Sunday, July 4

Review: Four Rooms

Four Rooms is actually four movies in one: four short movies, all centering around another room in a hotel, each made by another director. Those directors are Allison Anders, Alexandre Roxkwell, Robert Rodriguez and Quentin Tarantino. You have probably never heard of those first two, but the other two probably ring a bell. And if their contributions to this movie are any indication of their work, it's not surprising you know only the last two.

Four Rooms more or less covers one workday of a bellboy called Ted played by Tim Roth. Roth is a good actor, but his character is incredibly annoying to watch. Instead of being a nice guy or a clumsy anti-hero, he is just a complete asshole, who is constantly complaining. Although the last thing might be excusable if you see what kind of strange stuff he encounters.

In the first short, directed by Anders, Ted has to provide "room service" (hur hur hur) to a coven of witches that want to resurrect their goddess. The only problem is that they are missing an ingredient: sperm. If this sounds incredibly stupid, it's because it is. This short, which is possibly the worst of all four, looks like someone tried to make Sabrina, the teenage witch into an "adult" short. It ends up being retarded, boring (even with chicks walking around topless, possibly because they all play horribly bad) and just plain not funny.
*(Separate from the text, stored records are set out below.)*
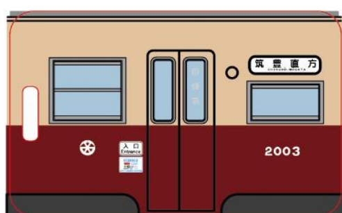
タイプ B 表面
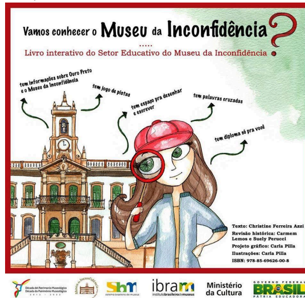
Figura 15 - Capa do Livro "Vamos Conhecer o Museu da Inconfidência"
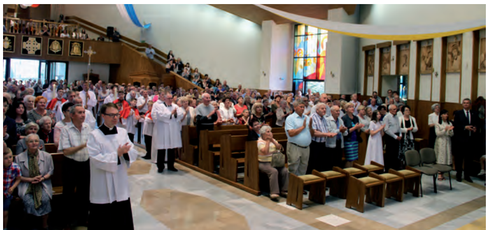
Msza św. Dziękczynna w kościele w Rybiu
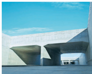
圏央道桶川北本地区区函渠その2工事

※の区間の開通時期については土地収用法に基づく手続きによる用地取得等が速やかに完了する場合
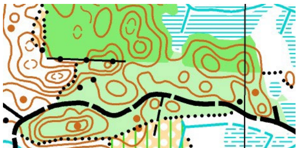
Före.... den gamla kartan.

Jag tänkte visa före – under – efter kartritning på ett specifikt område så ni kan jämföra.

The short by Roxwell is a little less bad, but not by much. Ted walks into the wrong room with a delivery and walks into a man holding his tied up wife at gunpoint. The man doesn't seem to be right in his head, and Roth tries to talk him out of it. The premise isn't half bad, but the execution of the story makes it much to complicated and, again, pretty boring. This has also a great deal to do with not giving a shit about any of the characters.

 It doesn't even look interesting. And why the hell are the O's interlocked?
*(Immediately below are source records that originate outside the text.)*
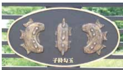
落合橋のレリーフ
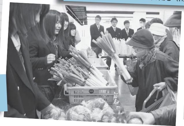
白河実業高生が育てた野菜を販売 本町チャレンジショップ 11月26日/マイタウン白河
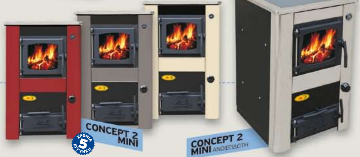
CONCEPT 2 MINI

The third short is the best, though. Ted has to babysit the demanding children of an incredibly macho guy, played by Antonio Banderas. His offspring then proceed to throw darts at the paintings, find a dead hooker under the bed and set the room on fire. But it's the parts with the father that are the best of the whole movie. Banderas parodies the ubermacho roles he usually plays with great skill and sense of humor. This is also the only short that actually made me laugh.

Tarantino's short, which comes forth, is rather sub-par for the director. Ted is asked to assist in a wager between two drunk actors, one of them played by Tarantino himself. They want to reenact an old Hitchcock film in which someone bets his lighter would not fail him for ten times in a row, or the other guy could chop of his little finger. The dialogue are Tarantinos, so you can't really go wrong, although they really drag on here. On the plus side: I have now seen everything Tarantino made for the movies.

Four Rooms is a mixed bag of two awful shorts, a pretty good one and an alright one. Which, altogether, is a pretty shitty bag. If you like Rodriguez then I can recommend his short, called The Misbehavers. Everyone else should give it a pass.

Alias

I got really lazy with today's music, but A. I didn't like the movie in the first place and B. it's waaaay to hot.

1 comment:

  1. Blijkbaar is het trouwens de schuld van Harvey Weinstein van Miramax dat de eerste twee shorts zuigen. In 'Down and Dirty Pictures' van Peter Suskind (het boek is wel de moeite waard, ook al is het niet zo goed als voorganger 'Easy Riders, Raging Bulls'-D&DP gaat vooral over hoe kut Harvey Weinstein is) wordt beweerd dat de eerste twee shorts langer en logischer waren, maar dat de film toen veel te lang werd en Weinstein eiste dat erin moest worden geknipt. Aangezien Pulp Fiction een grote hit voor Miramax was, kon Tarantino eisen dat er niets veranderd werd aan zijn stukje. Het stukje van Rodriguez was zo gefilmd dat je er niets uit kon monteren, dus bleven de laatste twee stukjes over om een half uur uit te knippen. Waardoor die stukjes waardeloos werden. Lees het boek. En Easy Riders, Raging Bulls.